Probability that a SNP is selected in the genome-wide model

We note that the signal we obtain is significantly weaker than for the epigenetic model. However, we obtain a similar ranking for both the linear allele effect model and the fully general model, as can be seen in Table 2. We note that the FAM120B gene is related to the PPARα pathway.

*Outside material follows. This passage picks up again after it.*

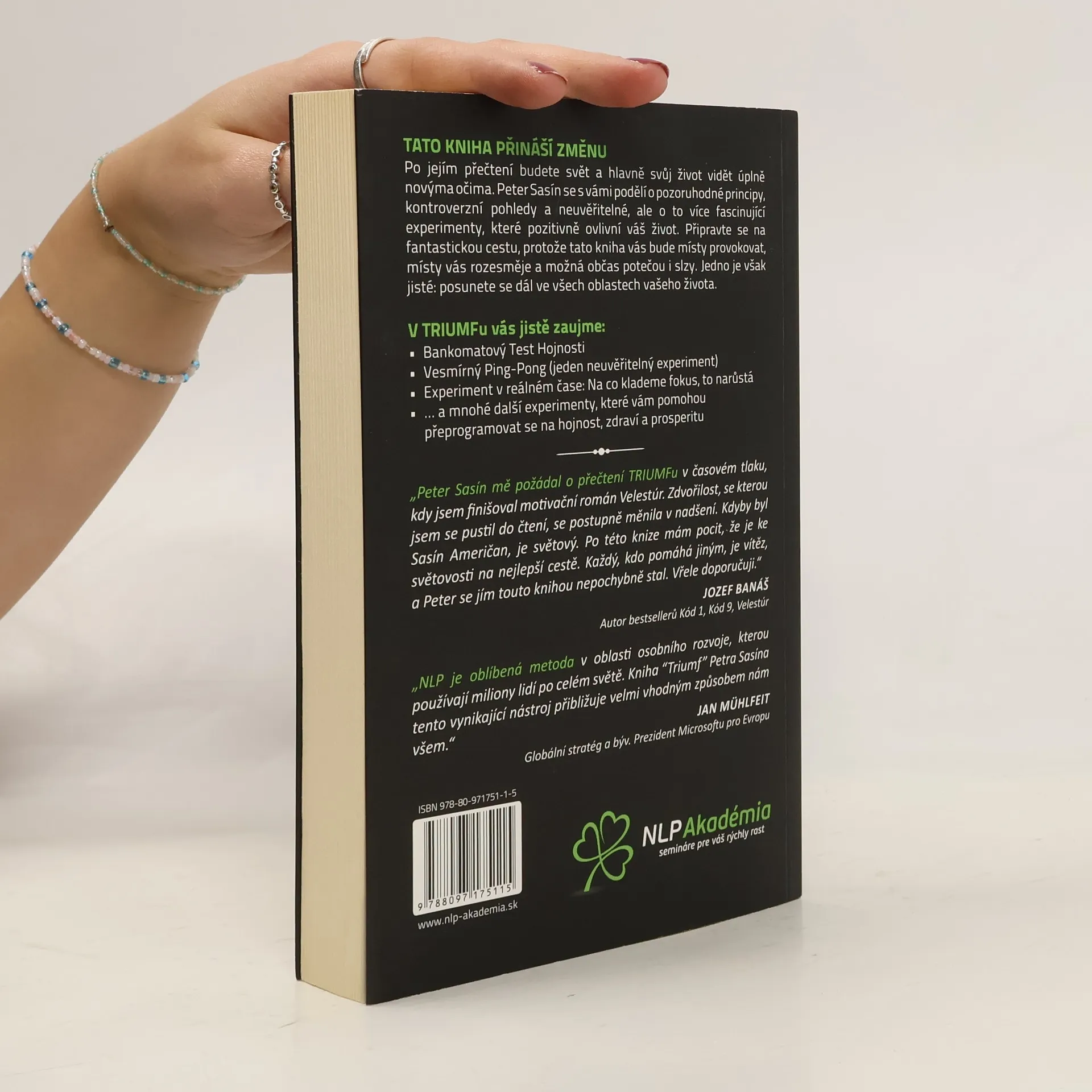 Tato kniha přináší změnu. Po jejím přečtení budete svět a hlavně svůj život vidět úplně novýma očima. Peter Sasín se s vámi podělí o pozoruhodné principy, kontroverzní pohledy a neuvěřitelné, ale o to více fascinující experimenty, které pozitivně ovlivní váš život. Připravte se na fantastickou cestu, protože tato kniha vás bude místy provokovat, místy vás rozesměje a možná občas potečou i slzy. Jedno je však jisté: posunete se dál ve všech oblastech vašeho života.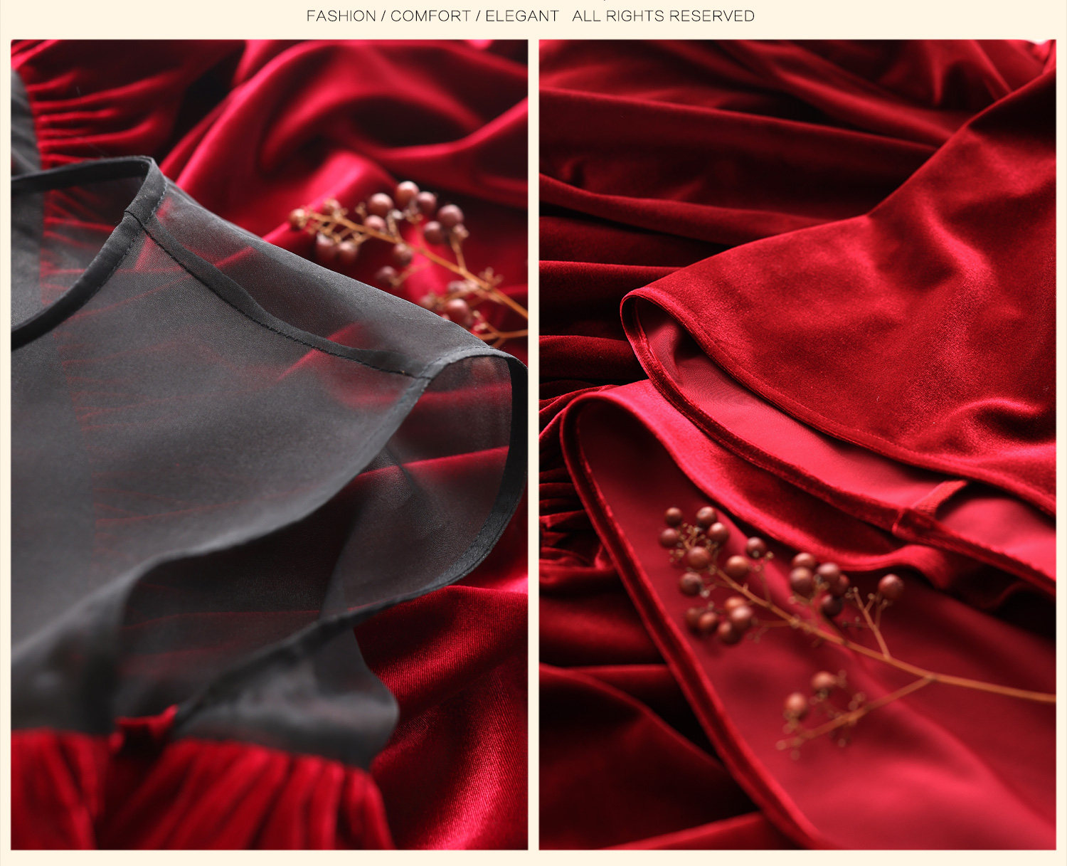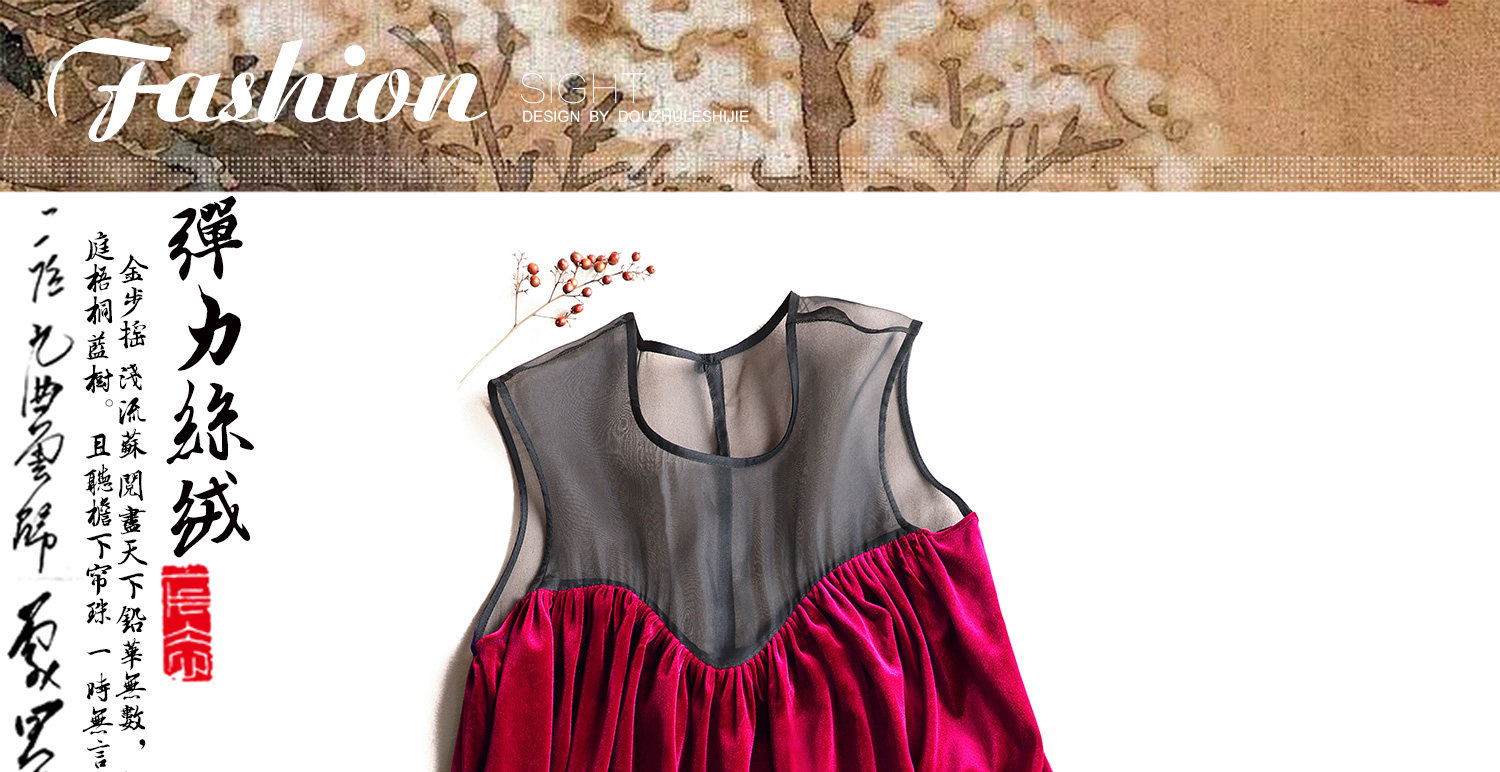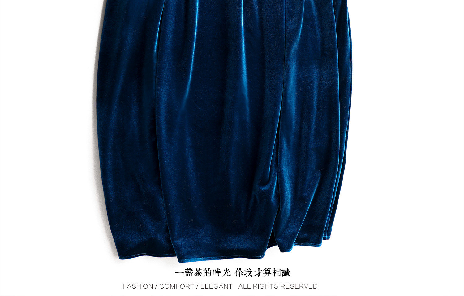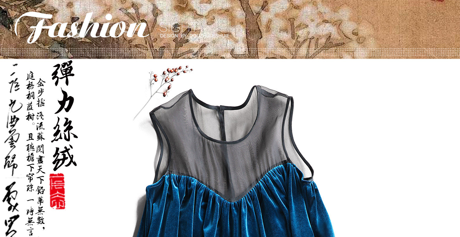 Yunshu Original Elastic Velvet Silk Organza Splicing Casual Elegant Loose Round Neck Long Dress for Autumn and Winter

Table 2 The most frequently selected SNPs

Interactions

Finally, effects of epigenetic–genetic interactions on mean fasting TG levels were considered. Because of the high dimension of the search space, only chromosome 11 is considered, where the most significant epigenetic effects were observed. To limit the number of possible interactions, only interactions between methylation and SNP loci that are separated by less than 0.01% of the chromosome were considered (approximately 10,000 base pairs). Although this is adequate to model local variations in the methylation mediating gene expression, one may also be interested in taking further steps toward exploring interactions among genetic pathways that are not local to a single chromosome.

The constructed feature matrix has 28,285 groups of size 1, corresponding to the methylation loci, 36,796 groups of size 2, corresponding to the SNP loci, and 190,073 groups of size 5, corresponding to the interactions of nearby methylation and SNP loci.

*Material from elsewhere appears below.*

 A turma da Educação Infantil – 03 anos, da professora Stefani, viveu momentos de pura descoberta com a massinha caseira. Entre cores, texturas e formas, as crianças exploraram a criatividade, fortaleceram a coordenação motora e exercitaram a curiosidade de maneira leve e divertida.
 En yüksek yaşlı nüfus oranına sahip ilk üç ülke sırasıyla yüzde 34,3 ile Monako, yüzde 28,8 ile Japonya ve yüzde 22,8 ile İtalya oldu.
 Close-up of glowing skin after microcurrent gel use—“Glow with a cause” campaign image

The log of the mean fasting TG level is regressed on the feature matrix described above using the group LASSO with the described structure additionally controlling for age, smoking, the scores of the first four principal components of the methylation, and the scores of the first four principal components of the genotype.

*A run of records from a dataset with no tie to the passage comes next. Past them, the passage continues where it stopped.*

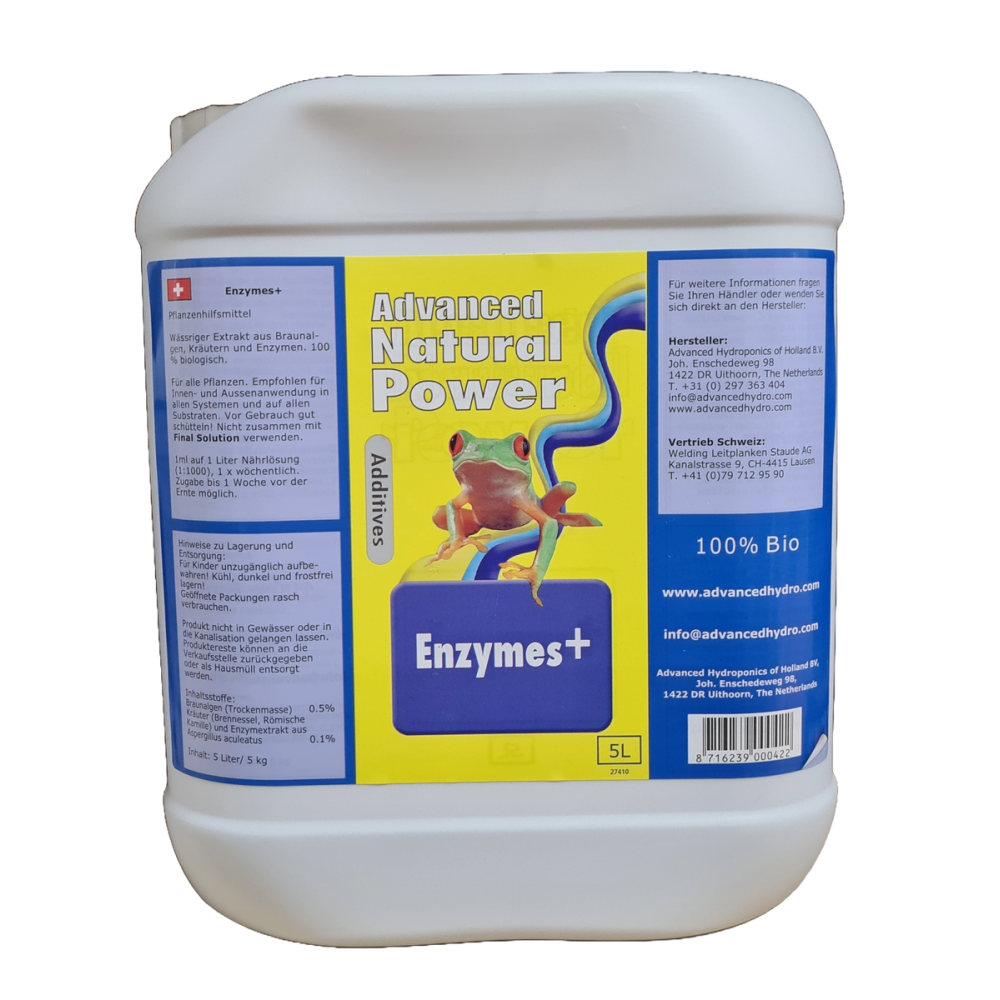 Eine natürliche "Enzyme"-Komponente der Natural Power-Linie aktiviert die begünstigten Mikroorganismen in den Kultursubstraten, was dazu beiträgt, sesshafte Salze zu entfernen und tote Wurzeln abzubauen. Dies verbessert die Fähigkeit der Pflanzen, die Nährstoffe aufzunehmen, und ermöglicht eine gesunde Entwicklung. Die "Enzyme" sind während des grössten Teils der Wachstumszeit der Bewässerung beizufügen und werden von der Mehrheit der erfolgreichen Züchter verwendet.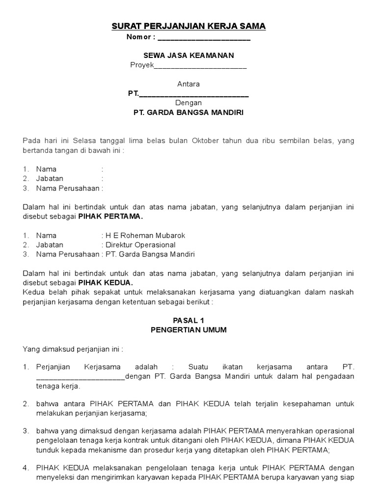 Surat Perjanjian Kerjasama Pengadaan Security Pdf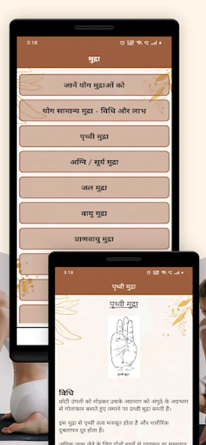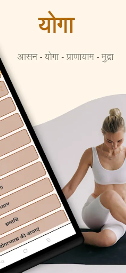 - Detailed descriptions and benefits of each yoga pose, pranayama, and mudra. (प्रत्येक योग आसन, प्राणायाम और मुद्रा का विवरण और लाभ।)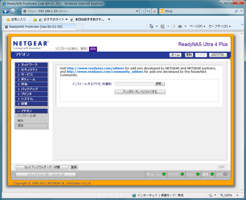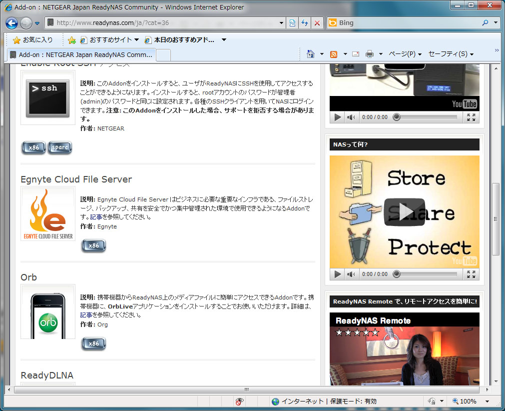 設定画面の「アドオン」にある「追加」に表示されているリンク(http://www.readynas.com/addons、もしくはhttp://www.readynas.com/community_addons)をクリックすると、アドオンの紹介サイトが表示される。標準では言語が英語になっているので、日本語で表示し直すか、以下のURLにアクセスすると日本語のサイトが表示される。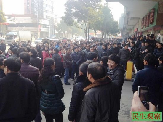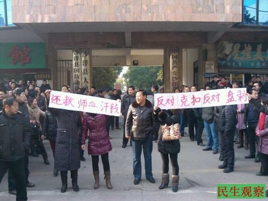 民生观察工作室2014-1-14消息:昨天(1月13日)上午,湖北省荆门市沙洋县的千余名教师陆续聚集到沙洋县政府门口示威抗议,到场的老师们高举着“反对盘剥,反对克扣,还我血汗钱”的横幅分四个团队涌到了县委的门前。随后就来了很多警察,他们分两派五六米一个。据荆门维权人士刘女士和沙洋维权人士王女士反映,昨天沙洋县部分教师在县政府门前示威抗议,要求按政策增加工资。上午10点只有一两百人,后来人就越来越多。据说,有个学校大门被校长锁住了,老师们翻院墙赶往城区。昨天沙洋县政府有人演讲,附近的交通都因此被阻断,据悉还有一辆交警车被掀翻。教师们说,沙洋县委、县政府的官员们曾要求公安、教育、文化、政府等部门的干部去阻挠、劝解老师们不要参与罢课抗议,结果有些去劝解的干部私下里却对老师们说:“你们继续请愿吧!你们涨了工资,我们也好跟着涨。”教师们的罢课抗议事件一直持续到昨天旁晚,今天教师们在等待县政府的答复。

Figure 3 presents the results in a Manhattan plot for chromosome 11 ordered by base pair position. The interaction at the midpoint between the corresponding methylation and genetic locus is plotted. The effects tend to be clustered along the chromosome, which is compatible with biological models of gene expression modulation through methylation. This also suggests a further direction of study by exploiting the location of the loci on the chromosome as a further structure to use in the design of the sparse regression, which may, for example, be leveraged by variants such as the fused LASSO [19]. Table 3 reports the top interaction terms. Note that these do not include marginal terms for which the interactions were not selected.

Fig. 3
figure 3

Probability that a CpG site, SNP, or interaction is selected in the interaction model on chromosome 11

Table 3 The most frequently selected interaction terms and whether their component is marginally significant (ie, itself one of the top selected components in the regression)

Conclusions

We show that sparse regression techniques can be applied to tackle the problems of selecting variables in high-dimensional data sets as often arise in genome-wide or epigenome-wide association studies, including selecting variables in models containing interaction terms. These techniques enable us to improve on the power of multiple F-tests in high dimension as they adopt a more global, instead of locus-by-locus, point of view. The effects seem to appear in a clustered fashion, and further analyses could attempt to leverage the existence of such structure.